Yes I can see where you are going with Lesnar. But Carwin's power is more based off of skill anyways. Yes he has a lot of power and I will not deny that but he places his punches right on the chin which makes him have a lot of skill IMO. Carwin while he is larger than all his opponents has never really used it. 

Yes it is impressive the skill the lower weight fighters have but to make that totaly elliminate the heavier fighters is not fair either. I think it takes more for the heavier guys like Carwin and Lesnar to be at the top, but I still believe they can get there.

If Carwin or Lesnar beat the other three top HWs in the UFC in any other way than Lesnar/Herring way then I don't see why they can not be considered.

Carwin would have to have more KO's with skill instead of KO's similar to the Mir fight.
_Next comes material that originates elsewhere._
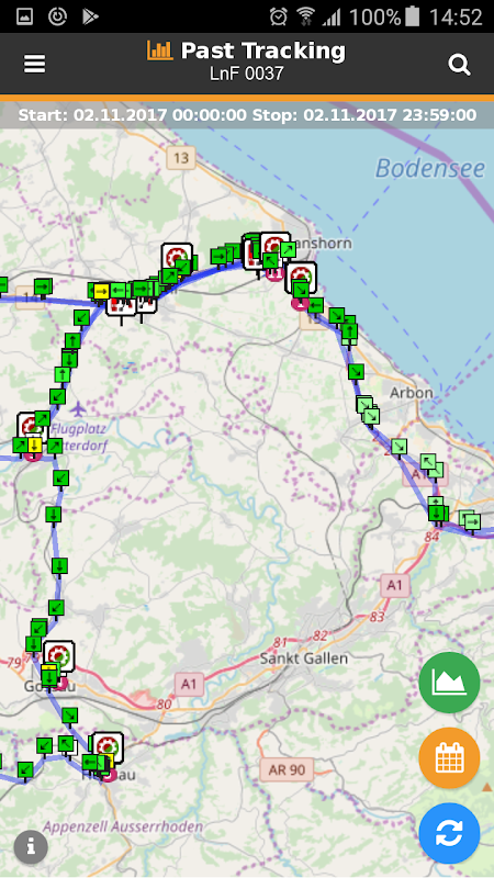 Follow the course of the individual vehicles by stages, time or a defined period. Coloured position markers highlight the measured speed ranges. Alerts as well as your comments can be viewed at a glance.

The Mir ko was impressive but took a lot less skill.

Lesnar would have to show more standing prowess and not just do what he has done in his past three fights which is why I think it would be harder for Lesnar to get there than Carwin.


----------



## Ivan (Feb 24, 2007)

Well is fighting Brock helping Fedor.. i don't know but i guess it is not.. he would have to risk a lot in the UFC mainly his legacy .. i somehow understand him.. he was kicking ass all those years and even said in 2006 that he wants to have a long break from fighting.. while he did that others were training like crazy.. 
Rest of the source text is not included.